ASSIGNMENT: Repeat the records below exactly as they appear, leaving out any pictures.

(Excerpts from a dataset)
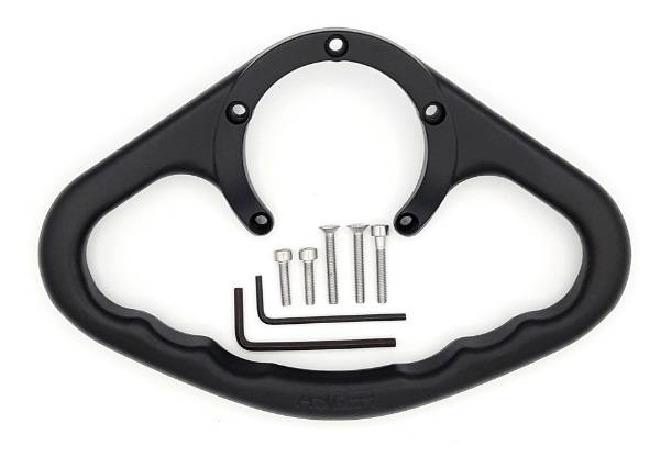 Wykonany z lekkiego aluminium uchwyt dla pasażera. Mocowany w miejsce śrub korka wlewu paliwa. W zestawie komplet dłuższych śrub.
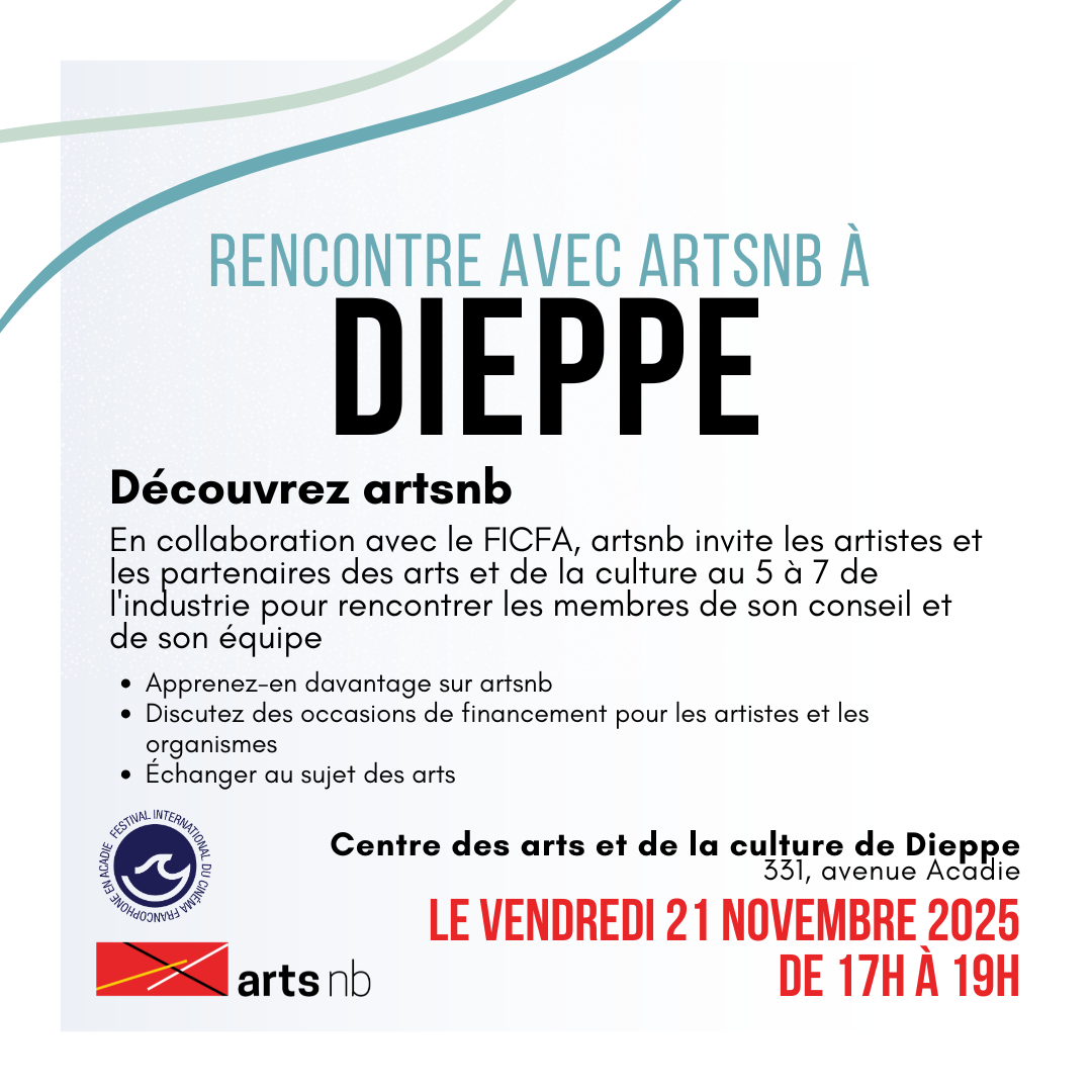 Présenté en collaboration avec le Festival international du cinéma francophone en Acadie (FICFA) : Artistes et partenaires des arts et de la culture de la région de Dieppe, venez discuter avec des membres du conseil et de l’équipe d’artsnb lors du 5 à 7 de l’industrie du FICFA. QUAND : Le vendredi 21 novembre 2025 de
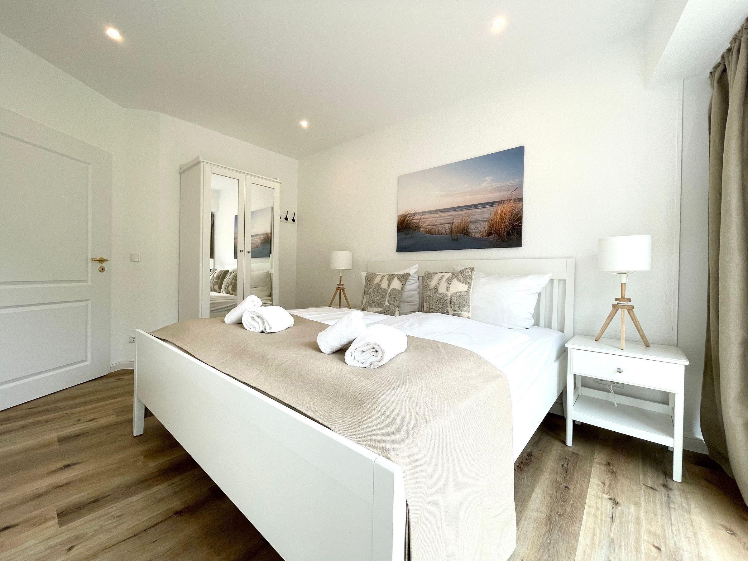 Die großzügige Ferienwohnung bietet Platz für bis zu 8 Personen und verfügt über 3 Schlafzimmer sowie ein komfortables Schlafsofa im Wohnzimmer. Zwei Schlafzimmer sind mit Doppelbetten (180 cm) ausgestattet, während das dritte Schlafzimmer ein Einzelbett (140 cm) bereithält. Die beiden Badezimmer, inklusive einer kleinen Wellness-Oase mit Whirlpool-Badewanne und Sauna, garantieren Entspannung pur. Die gut ausgestattete Küche bietet optimale Bedingungen für gemeinsame Kochabende. Im stilvoll eingerichteten Wohnzimmer mit großem Sofa lässt es sich gemütlich verweilen. Die Wohnung im Erdgeschoss gewährleistet einen barrierearmen Zugang und schafft mit großen Fenstern eine freundliche Atmosphäre. Gemeinschaftlich nutzbar sind Waschmaschinen, Trockner und ein Fahrradkeller im Haus. Ein kleiner Spielplatz für Kinder ist ebenfalls vorhanden. Ein Bäcker im Haus sorgt saisonal für frische Backwaren.
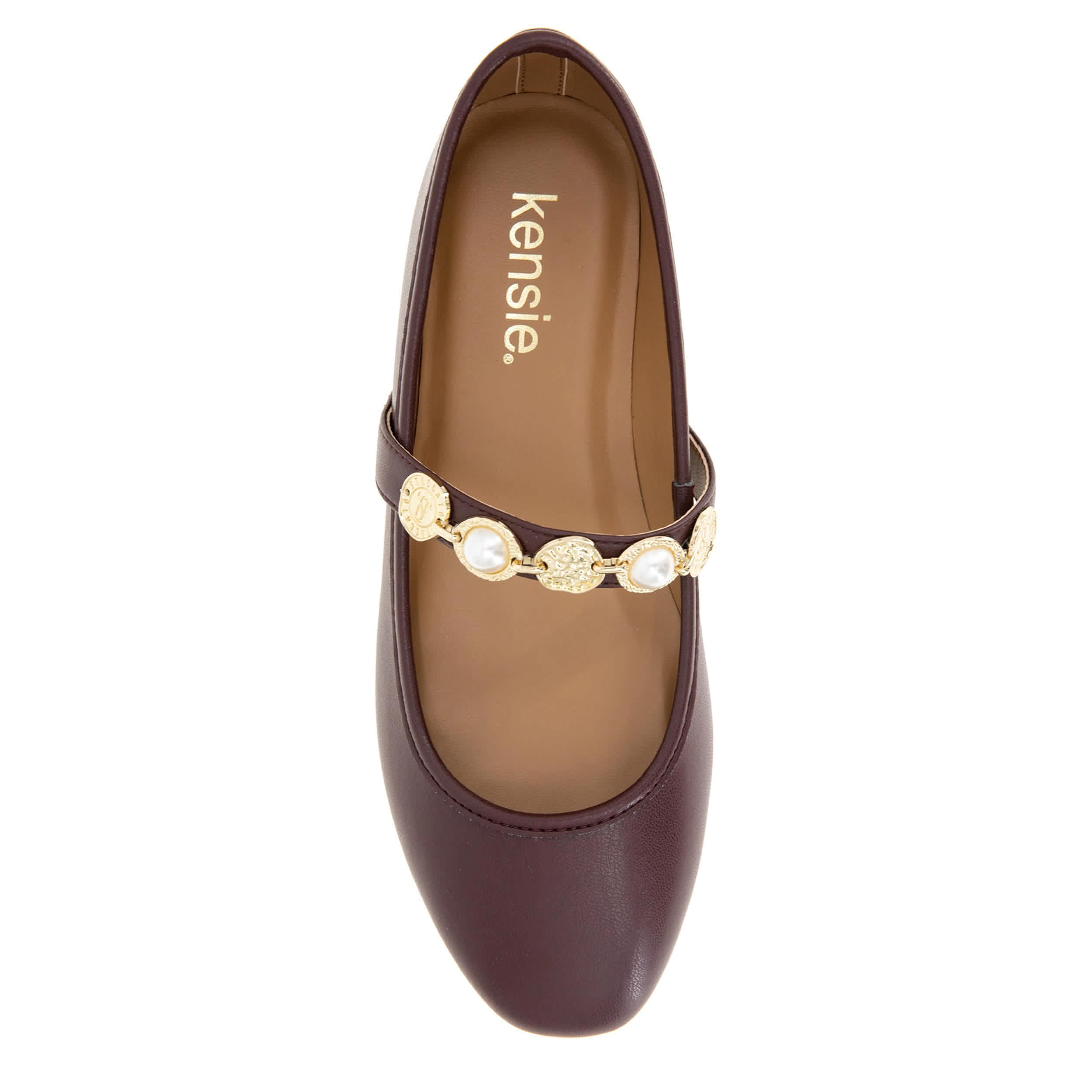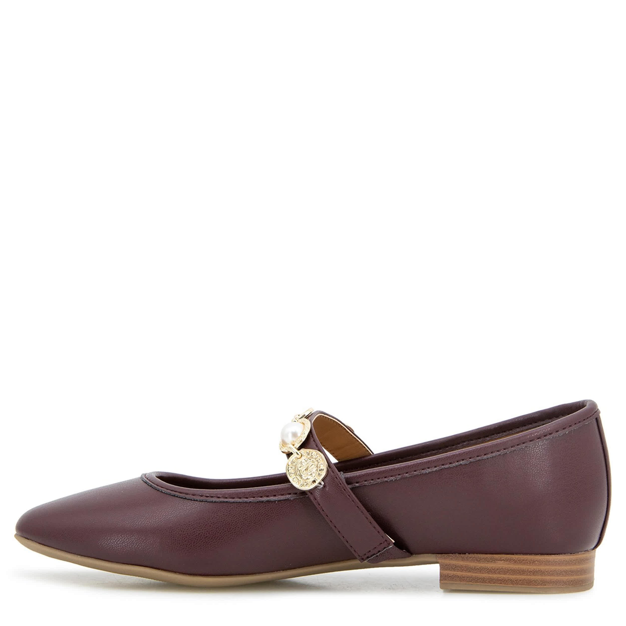 Sleek, graceful with a touch of edge is your look in the Eliane-C flat from Kensie. Featuring a faux leather upper, this ballet flat has a cross strap with metal coin accents. The padded insole and synthetic outsole ensure supported steps all day long.
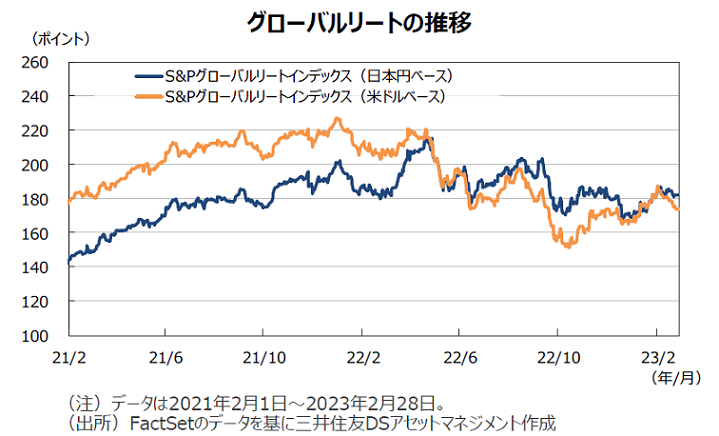 グローバルリート市場(米ドルベース)は下落しました。米国のリート市場は、堅調な米経済指標の発表が相次ぎ、FRBの利上げ停止が遠のいたとの観測から米長期金利が大きく上昇したことを嫌気して下落しました。一方、株価の上昇を好感して欧州のリート市場は上昇しました。日本のリート市場は、植田次期日銀総裁候補が金融緩和政策を継続する考えを示したことを受けて反発しました。S&Pグローバルリート指数(米ドルベース)のリターンは前月末比▲4.6%となりました。一方、為替効果はプラスに寄与し、円ベースのリターンは同▲0.1%となりました。
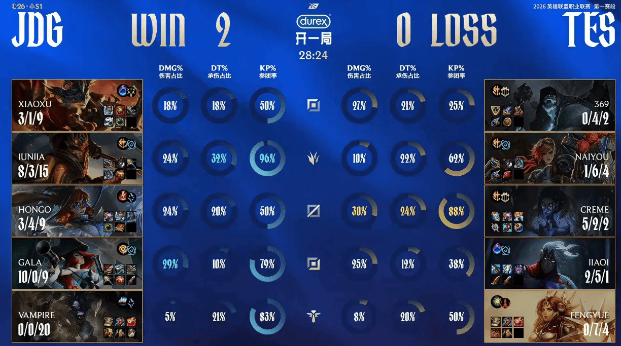 昨日,LPL第一赛段小组赛迎来两场揭幕战,其中次轮大战JDG vs TES最引人关注,因为大家都想知道缺少阿水的TES究竟是什么水平。果不其然,在双方下路实力差距较大的情况下,JDG以2-0比分轻松击败TES取得赛季开门红。
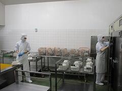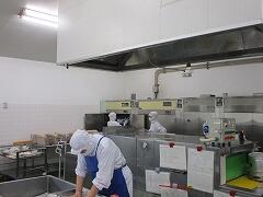 冷房のない中で、季節に関係なく肌を覆った服装での給食づくりです。
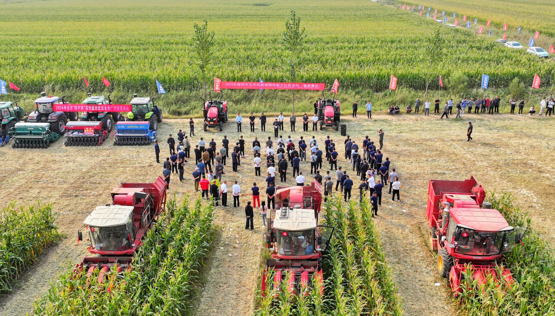 9月27日,2024年德州市玉米机收减损技能大比武活动(临邑赛区)在临邑县临邑镇望楼村举行。
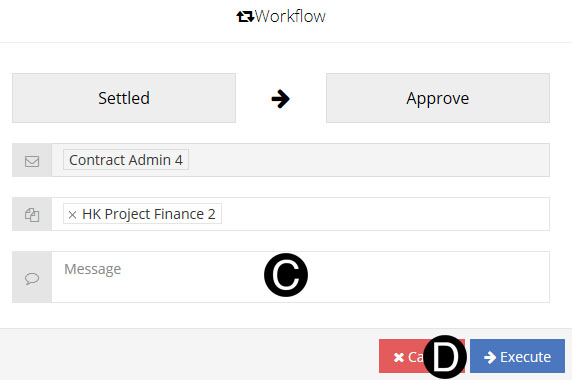 Once a Lean Change Order without CD is submitted by the Responsible Individual it is Workflowed to the Contract Administrator in the Approve state.
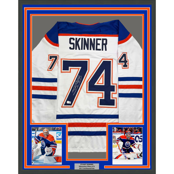 Framed Autographed/Signed Stuart Skinner 35x39 Edmonton White Jersey BAS COA The item is professionally framed and matted with two 5x7 photos, measures 35x39 inches and is ready to be hung in your man cave! Photo and matting requests can be made.
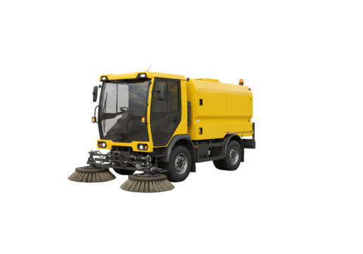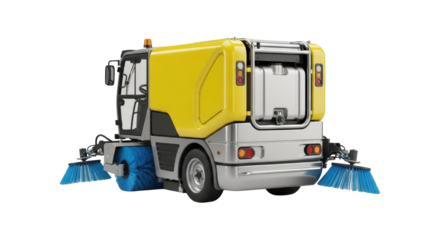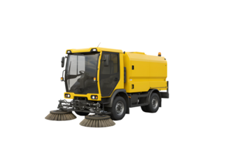 Isolated yellow street sweeper, heavy-duty cleaning vehicle for outdoor maintenance work
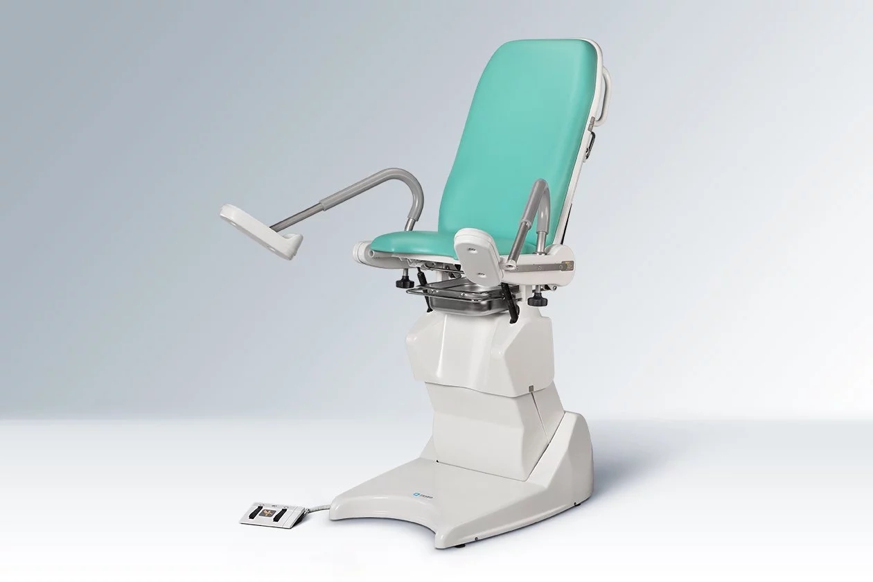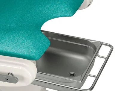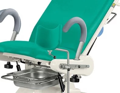 В состав кресла входят: бесшовная обивка, гинекологическая миска из нержавеющей стали, держатель для бумаги за спинкой, планки для крепления оборудования на сиденье и спинке.
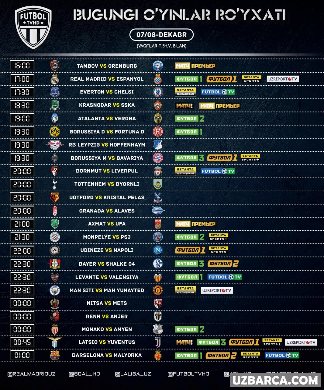 Bugungi uchrashuvlar ro'yxati va ularni translyatsiya qiladigan telekanallar! Barcha o'yinlar Tshv bilan ko'rsatilgan!
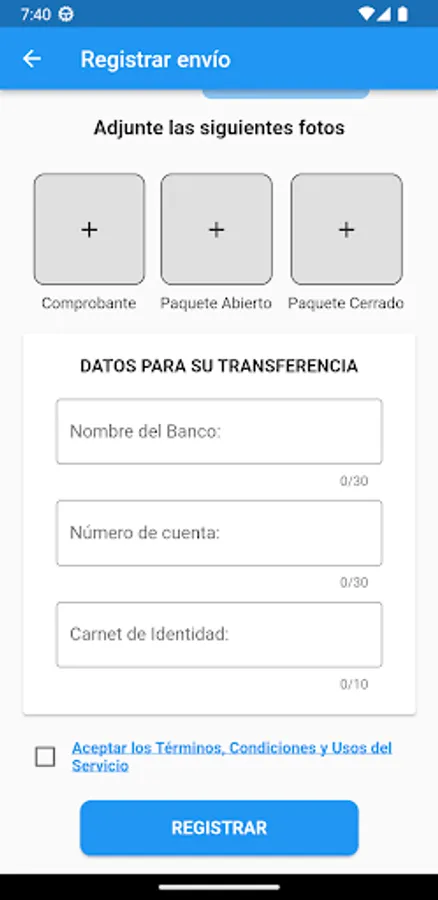 The client will be able to register his shipment and deposit it in our bank accounts, and the seller will send his product with complete confidence to the client. Once the customer is satisfied with his product, the corresponding money will be credited to the seller's account.
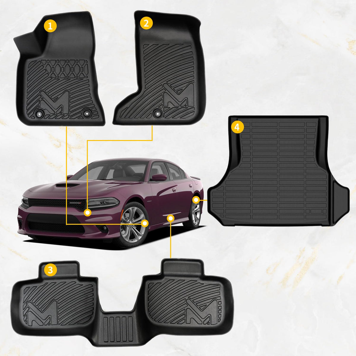 Q: Are these floor mats compatible with my 2011 Dodge Charger AWD?A: Yes, these TPE automotive floor mats are specifically designed to fit 2011-2023 Dodge Charger AWD models, ensuring a custom fit for your vehicle.
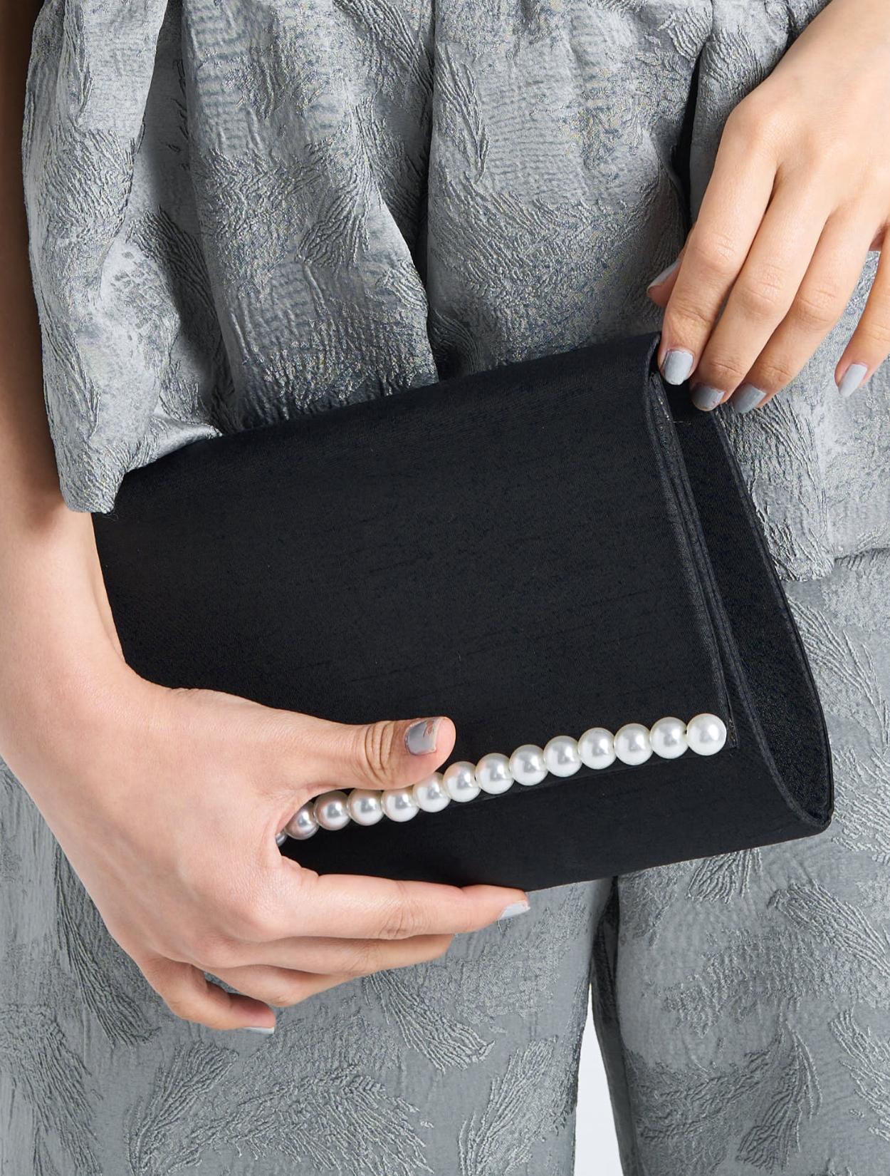 ■パールを基調としたブラックのバッグで締まった印象に。

OUTPUT OF THE TASK:
 Wykonany z lekkiego aluminium uchwyt dla pasażera. Mocowany w miejsce śrub korka wlewu paliwa. W zestawie komplet dłuższych śrub.
 Présenté en collaboration avec le Festival international du cinéma francophone en Acadie (FICFA) : Artistes et partenaires des arts et de la culture de la région de Dieppe, venez discuter avec des membres du conseil et de l’équipe d’artsnb lors du 5 à 7 de l’industrie du FICFA. QUAND : Le vendredi 21 novembre 2025 de
 Die großzügige Ferienwohnung bietet Platz für bis zu 8 Personen und verfügt über 3 Schlafzimmer sowie ein komfortables Schlafsofa im Wohnzimmer. Zwei Schlafzimmer sind mit Doppelbetten (180 cm) ausgestattet, während das dritte Schlafzimmer ein Einzelbett (140 cm) bereithält. Die beiden Badezimmer, inklusive einer kleinen Wellness-Oase mit Whirlpool-Badewanne und Sauna, garantieren Entspannung pur. Die gut ausgestattete Küche bietet optimale Bedingungen für gemeinsame Kochabende. Im stilvoll eingerichteten Wohnzimmer mit großem Sofa lässt es sich gemütlich verweilen. Die Wohnung im Erdgeschoss gewährleistet einen barrierearmen Zugang und schafft mit großen Fenstern eine freundliche Atmosphäre. Gemeinschaftlich nutzbar sind Waschmaschinen, Trockner und ein Fahrradkeller im Haus. Ein kleiner Spielplatz für Kinder ist ebenfalls vorhanden. Ein Bäcker im Haus sorgt saisonal für frische Backwaren.
 Sleek, graceful with a touch of edge is your look in the Eliane-C flat from Kensie. Featuring a faux leather upper, this ballet flat has a cross strap with metal coin accents. The padded insole and synthetic outsole ensure supported steps all day long.
 グローバルリート市場(米ドルベース)は下落しました。米国のリート市場は、堅調な米経済指標の発表が相次ぎ、FRBの利上げ停止が遠のいたとの観測から米長期金利が大きく上昇したことを嫌気して下落しました。一方、株価の上昇を好感して欧州のリート市場は上昇しました。日本のリート市場は、植田次期日銀総裁候補が金融緩和政策を継続する考えを示したことを受けて反発しました。S&Pグローバルリート指数(米ドルベース)のリターンは前月末比▲4.6%となりました。一方、為替効果はプラスに寄与し、円ベースのリターンは同▲0.1%となりました。
 昨日,LPL第一赛段小组赛迎来两场揭幕战,其中次轮大战JDG vs TES最引人关注,因为大家都想知道缺少阿水的TES究竟是什么水平。果不其然,在双方下路实力差距较大的情况下,JDG以2-0比分轻松击败TES取得赛季开门红。
 冷房のない中で、季節に関係なく肌を覆った服装での給食づくりです。
 9月27日,2024年德州市玉米机收减损技能大比武活动(临邑赛区)在临邑县临邑镇望楼村举行。
 Once a Lean Change Order without CD is submitted by the Responsible Individual it is Workflowed to the Contract Administrator in the Approve state.
 Framed Autographed/Signed Stuart Skinner 35x39 Edmonton White Jersey BAS COA The item is professionally framed and matted with two 5x7 photos, measures 35x39 inches and is ready to be hung in your man cave! Photo and matting requests can be made.
 Isolated yellow street sweeper, heavy-duty cleaning vehicle for outdoor maintenance work
 В состав кресла входят: бесшовная обивка, гинекологическая миска из нержавеющей стали, держатель для бумаги за спинкой, планки для крепления оборудования на сиденье и спинке.
 Bugungi uchrashuvlar ro'yxati va ularni translyatsiya qiladigan telekanallar! Barcha o'yinlar Tshv bilan ko'rsatilgan!
 The client will be able to register his shipment and deposit it in our bank accounts, and the seller will send his product with complete confidence to the client. Once the customer is satisfied with his product, the corresponding money will be credited to the seller's account.
 Q: Are these floor mats compatible with my 2011 Dodge Charger AWD?A: Yes, these TPE automotive floor mats are specifically designed to fit 2011-2023 Dodge Charger AWD models, ensuring a custom fit for your vehicle.
 ■パールを基調としたブラックのバッグで締まった印象に。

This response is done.